##### PROVIDED DATA #####

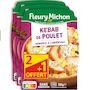 Ingrédients : Ingrédients:Semoule de couscous 41% (eau, semoule de BLÉ dur), kebab de poulet traité en salaison 20% (poulet 16%, dextrose, amidon de tapioca, épices, plantes aromatiques, sel, ail), eau, FROMAGE blanc 6,3%, huile de colza, CRÈME fraîche, raisins secs 2,8% (raisins, huile de tournesol), crème de riz, citron 0,9%, amidon de riz, menthe 0,6%, ail, sel, persil, piment 0,01%. Traces éventuelles de soja
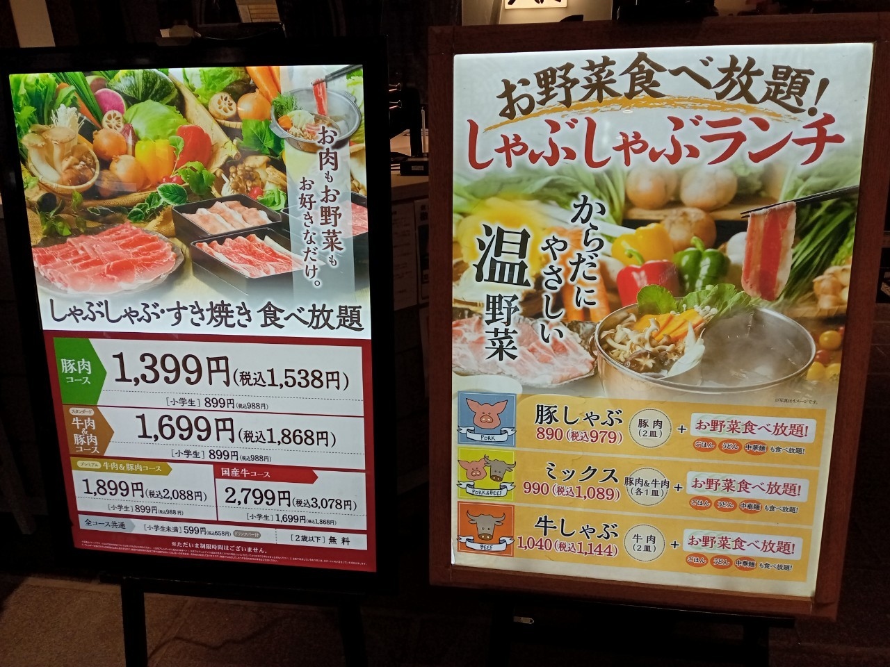 平日はお肉食べ放題のコースから野菜食べ放題のランチまで色々選べます。
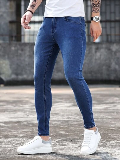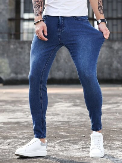 Manfinity Homme Men Cotton Bleach Wash Skinny Jeans
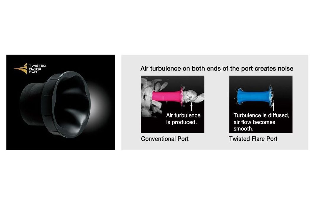 Den unika Twisted Flare Port-designen minskar turbulens i luftflödet och reducerar oönskat brus. Resultatet är en renare, tajtare och mer naturlig bas, oavsett om du tittar på film eller lyssnar på musik.
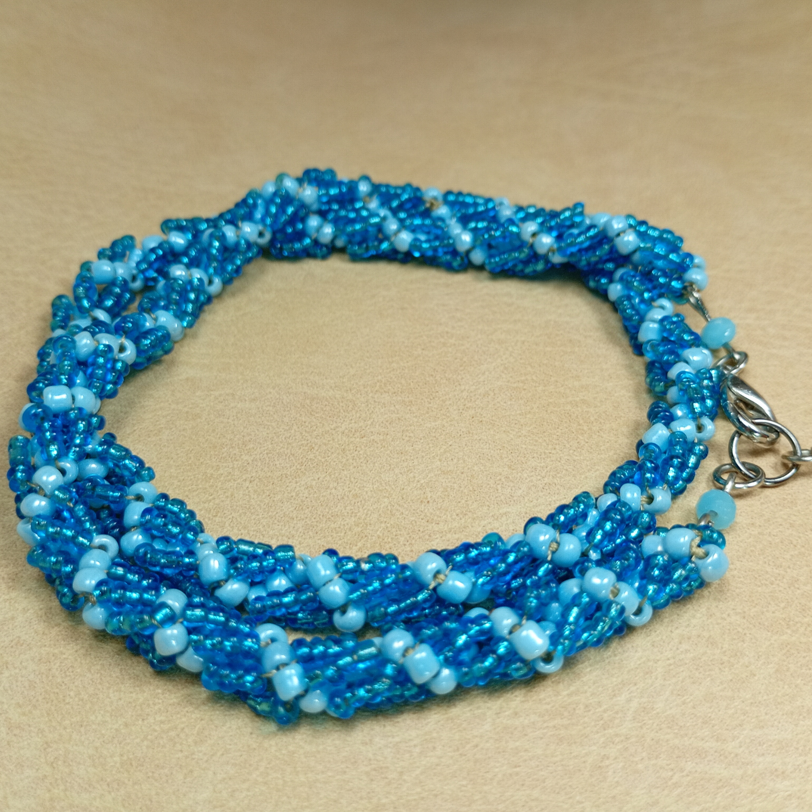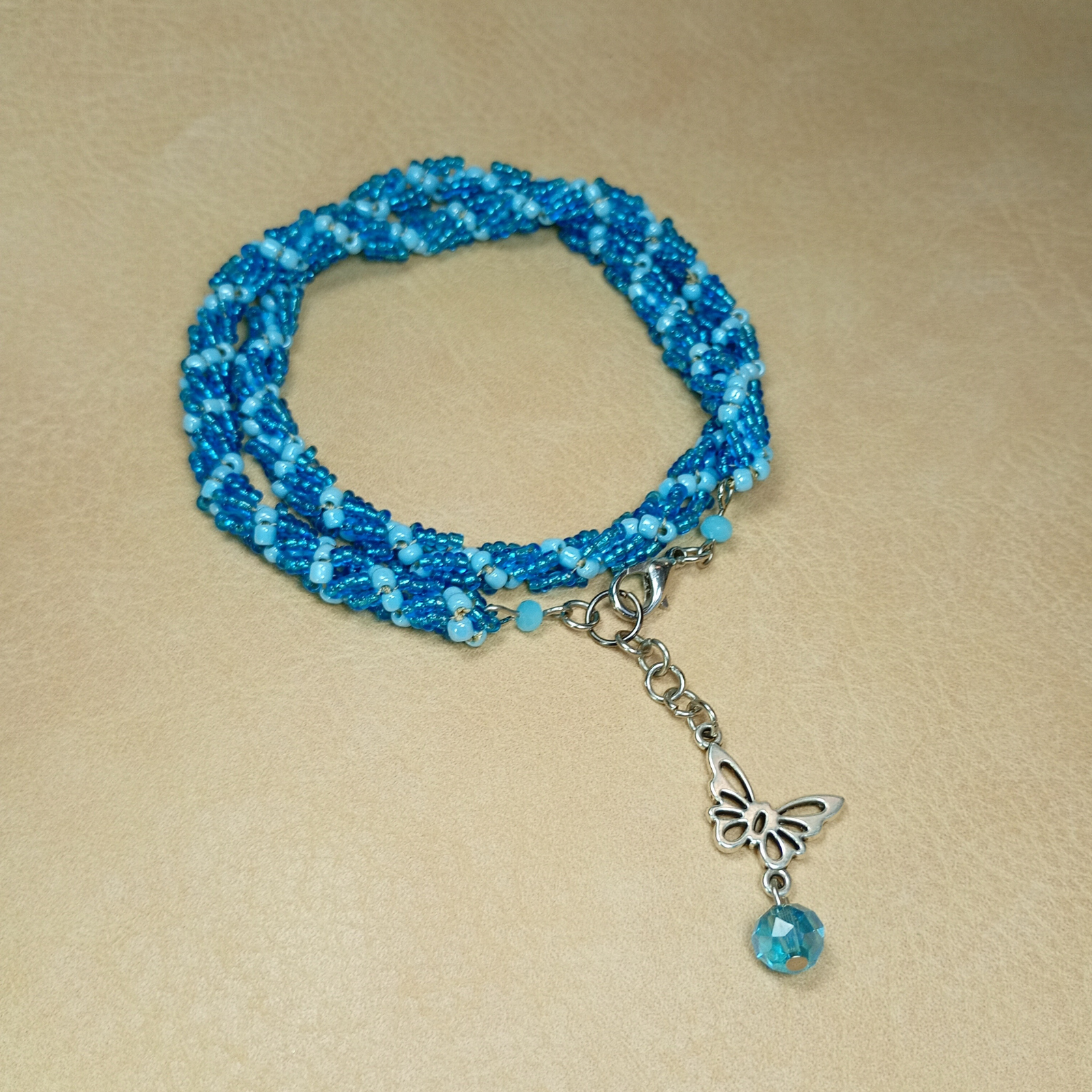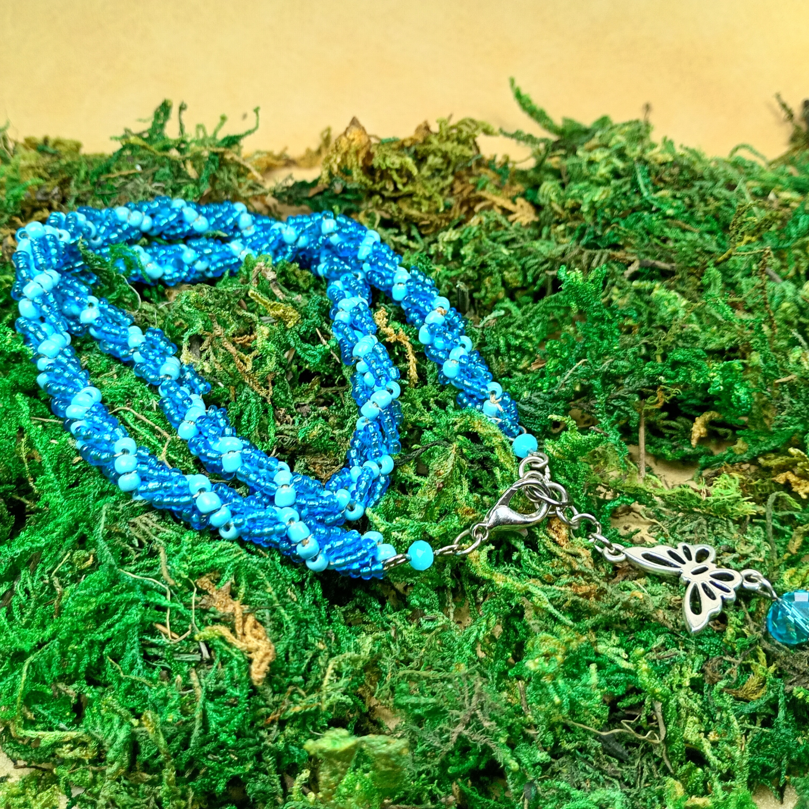Colier Spirala Albastră, lucrat manual din margele sticla, cu detalii din metal si cristal.

#####

Copy every entry above exactly as it stands, but leave the pictures out.

 Ingrédients : Ingrédients:Semoule de couscous 41% (eau, semoule de BLÉ dur), kebab de poulet traité en salaison 20% (poulet 16%, dextrose, amidon de tapioca, épices, plantes aromatiques, sel, ail), eau, FROMAGE blanc 6,3%, huile de colza, CRÈME fraîche, raisins secs 2,8% (raisins, huile de tournesol), crème de riz, citron 0,9%, amidon de riz, menthe 0,6%, ail, sel, persil, piment 0,01%. Traces éventuelles de soja
 平日はお肉食べ放題のコースから野菜食べ放題のランチまで色々選べます。
 Manfinity Homme Men Cotton Bleach Wash Skinny Jeans
 Den unika Twisted Flare Port-designen minskar turbulens i luftflödet och reducerar oönskat brus. Resultatet är en renare, tajtare och mer naturlig bas, oavsett om du tittar på film eller lyssnar på musik.
Colier Spirala Albastră, lucrat manual din margele sticla, cu detalii din metal si cristal.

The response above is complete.